▶ _Supplied information_:

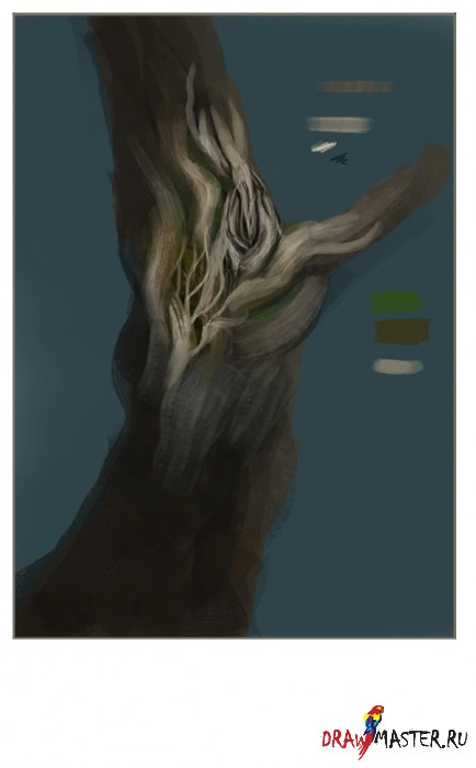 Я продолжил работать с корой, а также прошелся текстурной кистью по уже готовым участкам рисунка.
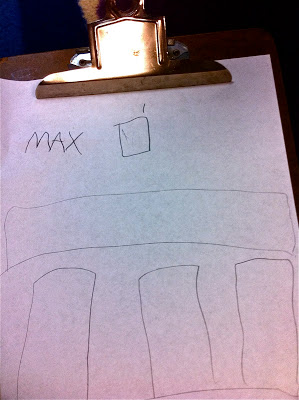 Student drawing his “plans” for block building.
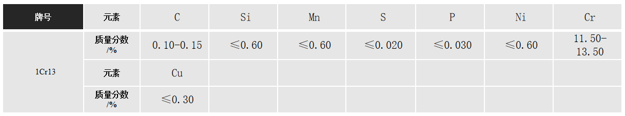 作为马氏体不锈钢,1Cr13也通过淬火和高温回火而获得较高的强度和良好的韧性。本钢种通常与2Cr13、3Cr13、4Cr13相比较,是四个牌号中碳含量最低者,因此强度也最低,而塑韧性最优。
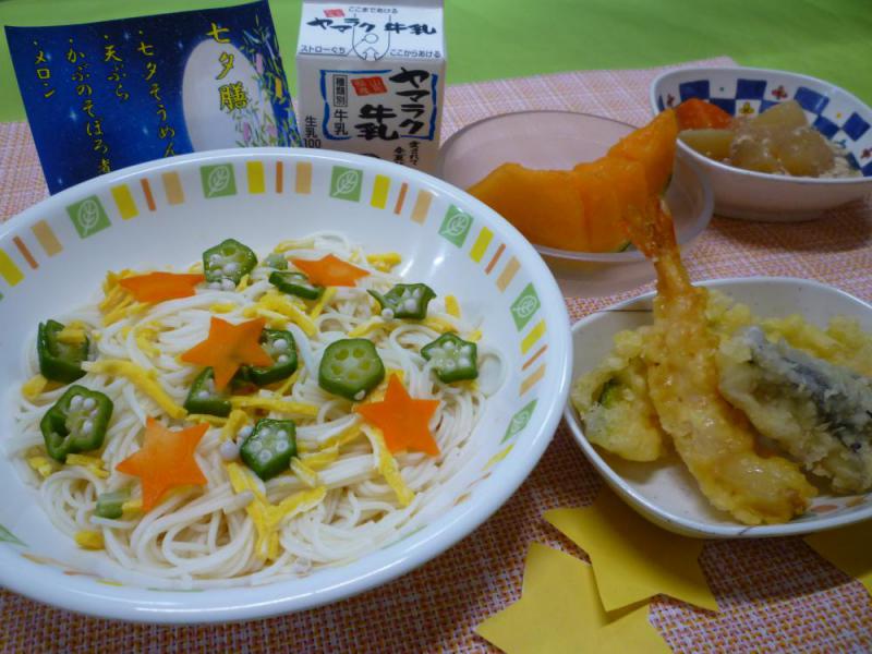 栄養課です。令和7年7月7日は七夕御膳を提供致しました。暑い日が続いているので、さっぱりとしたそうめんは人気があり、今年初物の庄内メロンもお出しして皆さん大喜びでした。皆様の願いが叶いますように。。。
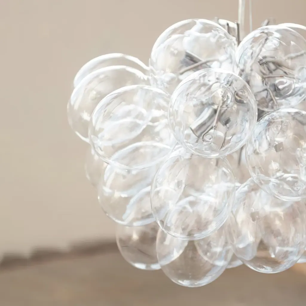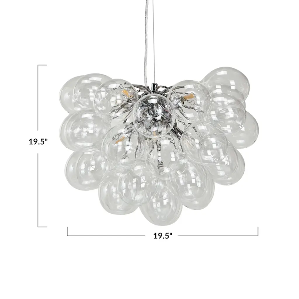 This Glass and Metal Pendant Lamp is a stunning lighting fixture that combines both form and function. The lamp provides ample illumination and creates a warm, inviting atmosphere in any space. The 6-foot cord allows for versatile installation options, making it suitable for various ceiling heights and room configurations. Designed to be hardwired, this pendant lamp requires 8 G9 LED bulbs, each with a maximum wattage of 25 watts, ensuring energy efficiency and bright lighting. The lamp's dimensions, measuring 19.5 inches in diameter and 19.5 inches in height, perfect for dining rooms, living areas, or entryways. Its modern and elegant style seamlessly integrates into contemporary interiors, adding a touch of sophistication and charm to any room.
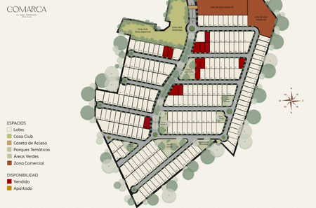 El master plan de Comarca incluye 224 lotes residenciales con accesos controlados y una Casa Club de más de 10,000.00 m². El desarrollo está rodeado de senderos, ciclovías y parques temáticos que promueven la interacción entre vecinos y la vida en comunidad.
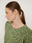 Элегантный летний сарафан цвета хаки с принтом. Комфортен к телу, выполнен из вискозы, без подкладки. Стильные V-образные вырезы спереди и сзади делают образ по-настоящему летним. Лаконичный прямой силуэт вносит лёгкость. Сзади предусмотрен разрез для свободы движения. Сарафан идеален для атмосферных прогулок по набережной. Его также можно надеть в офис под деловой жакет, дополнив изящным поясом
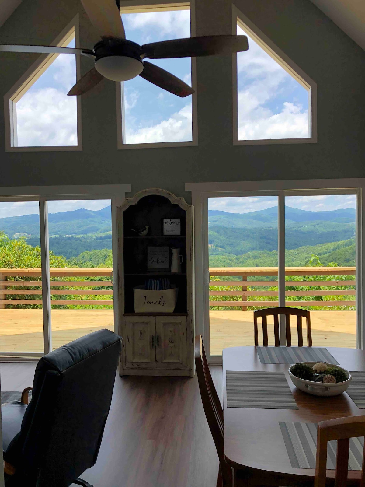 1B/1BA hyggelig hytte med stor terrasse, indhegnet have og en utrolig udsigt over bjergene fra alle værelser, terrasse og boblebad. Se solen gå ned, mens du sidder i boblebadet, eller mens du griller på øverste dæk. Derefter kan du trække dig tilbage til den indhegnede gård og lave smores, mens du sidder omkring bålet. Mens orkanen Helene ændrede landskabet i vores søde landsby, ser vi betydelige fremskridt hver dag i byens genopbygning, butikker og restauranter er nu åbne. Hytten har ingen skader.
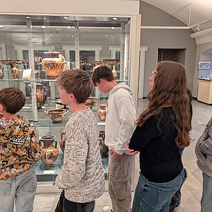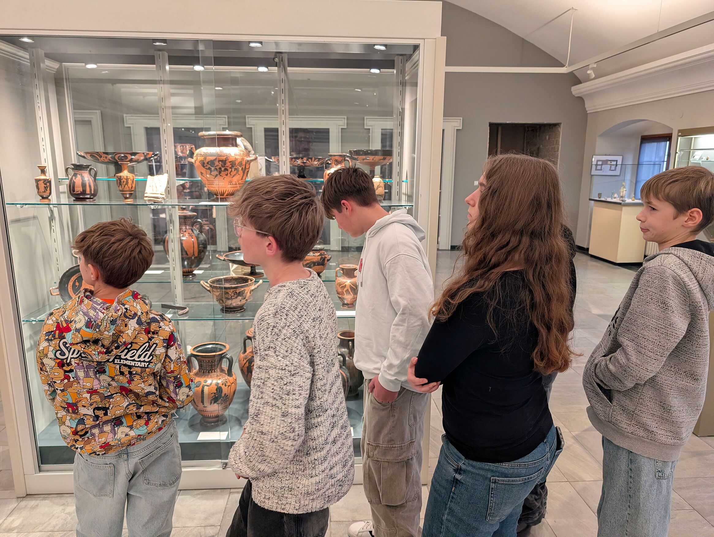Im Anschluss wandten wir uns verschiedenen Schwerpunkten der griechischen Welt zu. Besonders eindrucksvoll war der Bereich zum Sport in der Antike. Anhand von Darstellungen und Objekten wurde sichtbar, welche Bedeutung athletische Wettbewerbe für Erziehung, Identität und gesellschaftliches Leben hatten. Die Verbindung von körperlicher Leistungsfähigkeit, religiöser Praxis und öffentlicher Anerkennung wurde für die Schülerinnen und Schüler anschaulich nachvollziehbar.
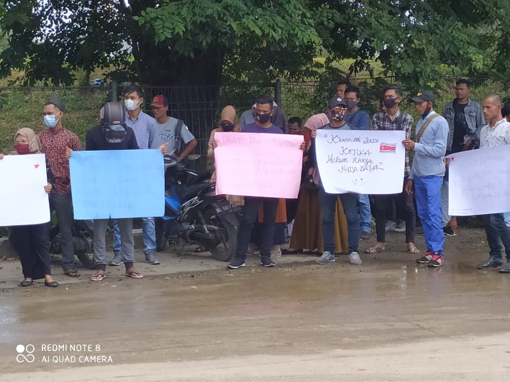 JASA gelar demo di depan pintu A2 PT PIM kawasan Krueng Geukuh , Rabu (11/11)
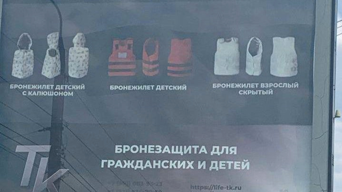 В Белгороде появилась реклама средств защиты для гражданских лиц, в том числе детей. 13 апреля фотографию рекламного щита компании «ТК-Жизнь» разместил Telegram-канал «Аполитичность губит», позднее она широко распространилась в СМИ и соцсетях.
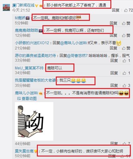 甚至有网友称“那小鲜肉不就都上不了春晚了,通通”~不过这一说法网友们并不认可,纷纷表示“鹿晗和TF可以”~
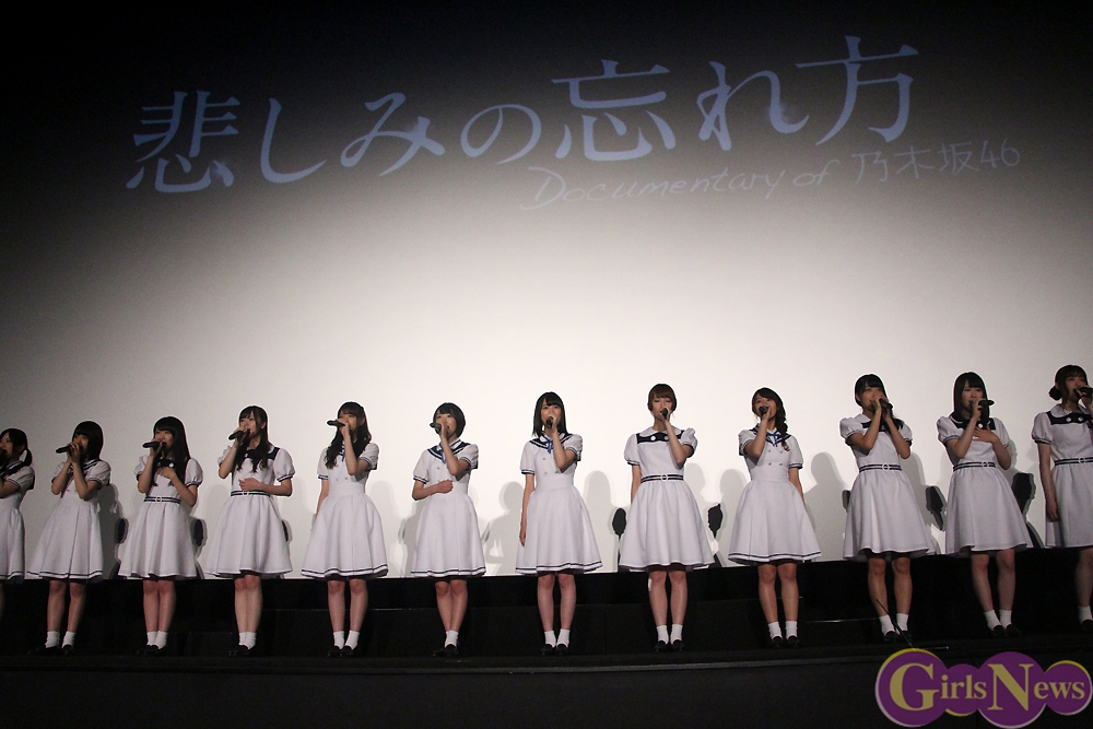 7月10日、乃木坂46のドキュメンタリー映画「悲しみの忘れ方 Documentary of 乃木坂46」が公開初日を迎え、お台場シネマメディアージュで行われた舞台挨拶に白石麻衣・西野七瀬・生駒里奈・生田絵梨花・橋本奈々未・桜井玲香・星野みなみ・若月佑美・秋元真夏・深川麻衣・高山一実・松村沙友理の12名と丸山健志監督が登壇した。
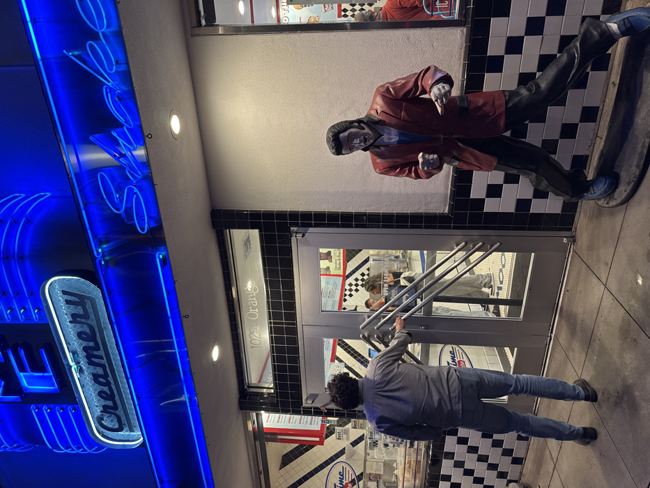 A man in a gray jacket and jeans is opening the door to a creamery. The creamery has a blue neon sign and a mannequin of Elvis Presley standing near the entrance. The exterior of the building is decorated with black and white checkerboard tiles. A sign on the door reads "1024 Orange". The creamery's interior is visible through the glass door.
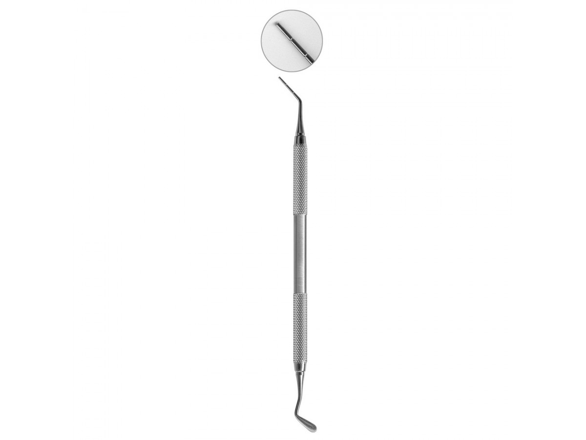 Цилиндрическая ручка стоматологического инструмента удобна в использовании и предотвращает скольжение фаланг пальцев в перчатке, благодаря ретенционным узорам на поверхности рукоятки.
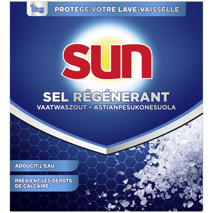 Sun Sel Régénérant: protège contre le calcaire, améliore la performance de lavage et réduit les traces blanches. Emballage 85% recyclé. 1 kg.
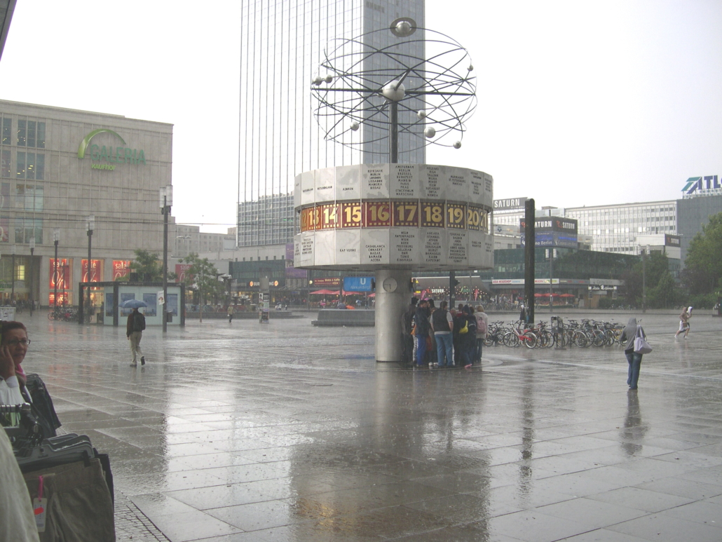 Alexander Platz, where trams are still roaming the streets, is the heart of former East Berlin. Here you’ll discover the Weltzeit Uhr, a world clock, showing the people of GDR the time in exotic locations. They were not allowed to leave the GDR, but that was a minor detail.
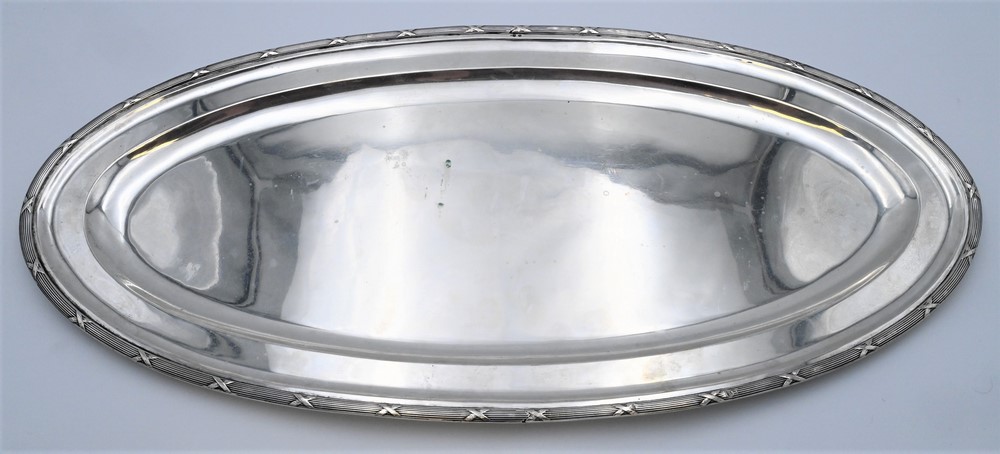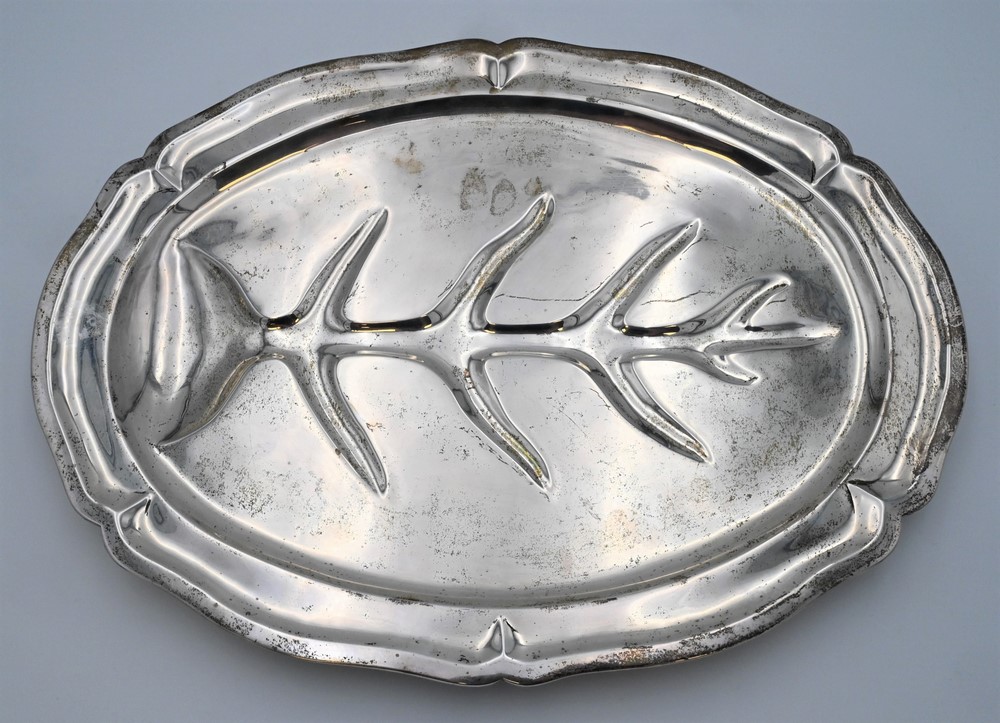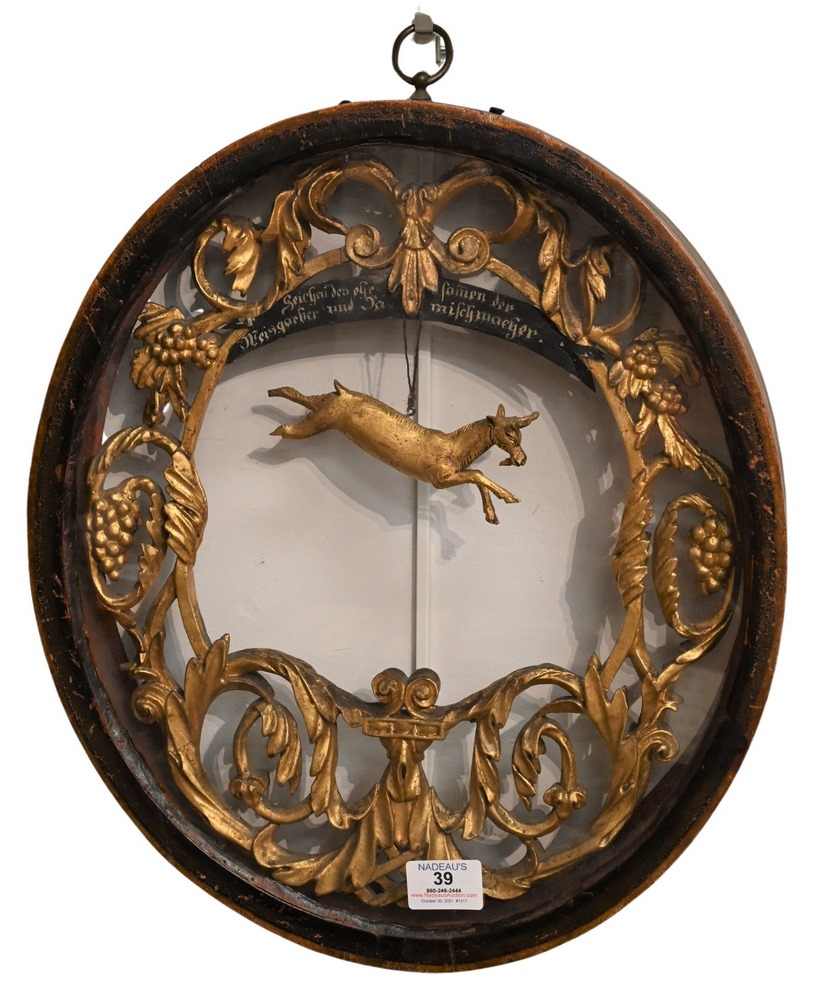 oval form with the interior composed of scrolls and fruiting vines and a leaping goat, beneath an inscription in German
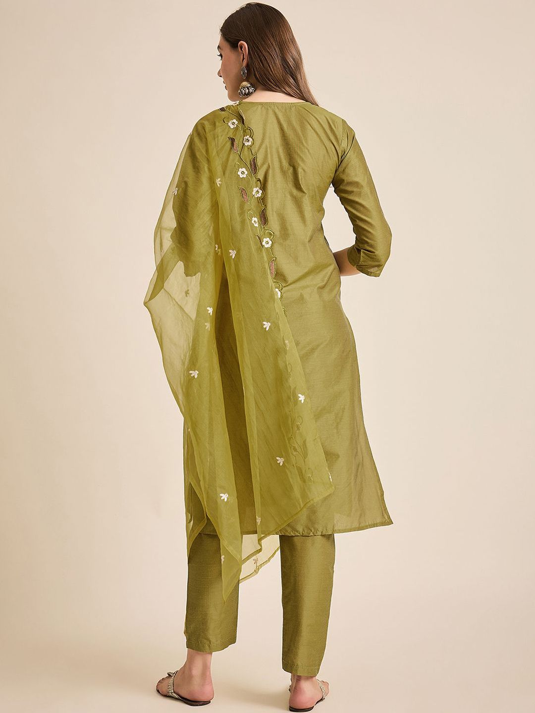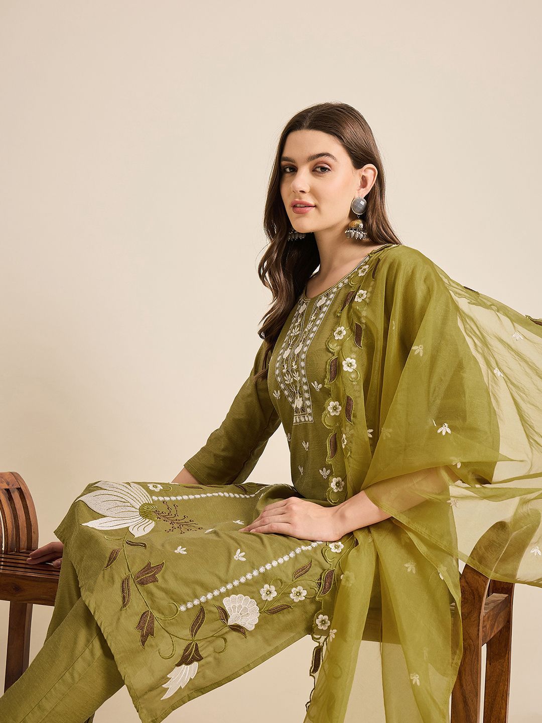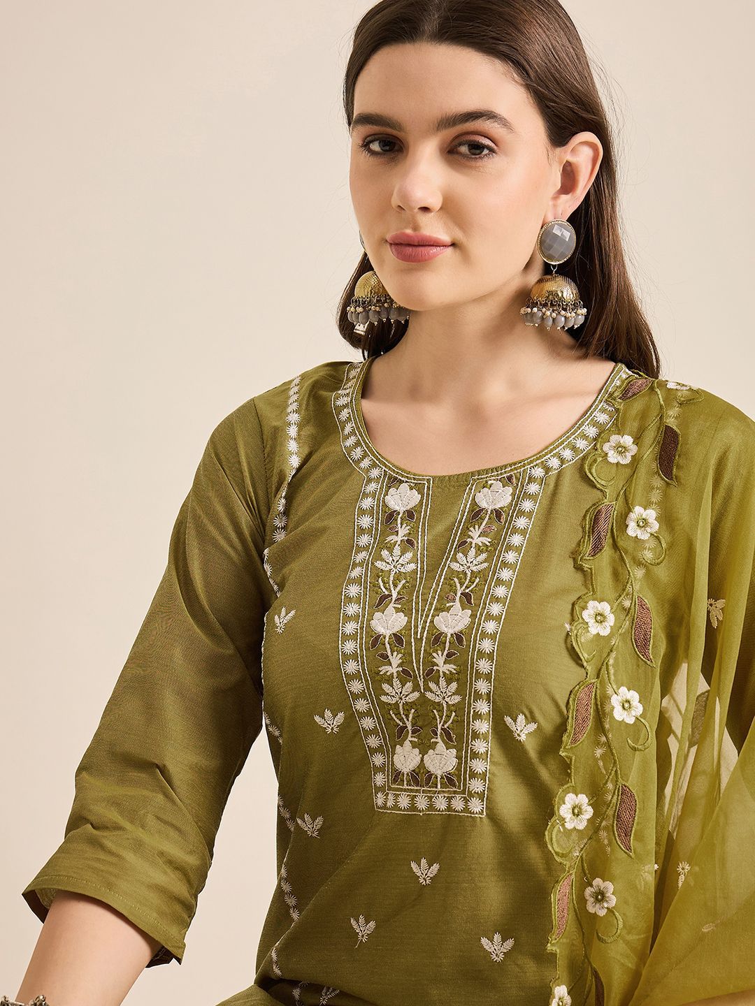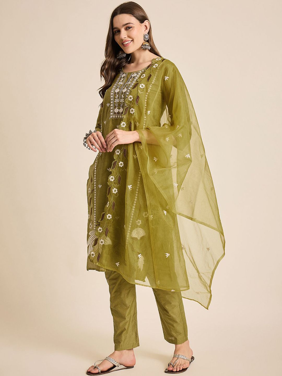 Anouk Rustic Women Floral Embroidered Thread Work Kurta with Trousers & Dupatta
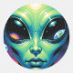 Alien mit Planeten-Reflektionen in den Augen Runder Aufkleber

▶ _Action item_: From the entries above, copy exactly the lines starting at the one with "El master plan" and stopping at the one with "Элегантный летний сарафан", keeping both ends. Drop the pictures.

▶ _Answer space_:
 El master plan de Comarca incluye 224 lotes residenciales con accesos controlados y una Casa Club de más de 10,000.00 m². El desarrollo está rodeado de senderos, ciclovías y parques temáticos que promueven la interacción entre vecinos y la vida en comunidad.
 Элегантный летний сарафан цвета хаки с принтом. Комфортен к телу, выполнен из вискозы, без подкладки. Стильные V-образные вырезы спереди и сзади делают образ по-настоящему летним. Лаконичный прямой силуэт вносит лёгкость. Сзади предусмотрен разрез для свободы движения. Сарафан идеален для атмосферных прогулок по набережной. Его также можно надеть в офис под деловой жакет, дополнив изящным поясом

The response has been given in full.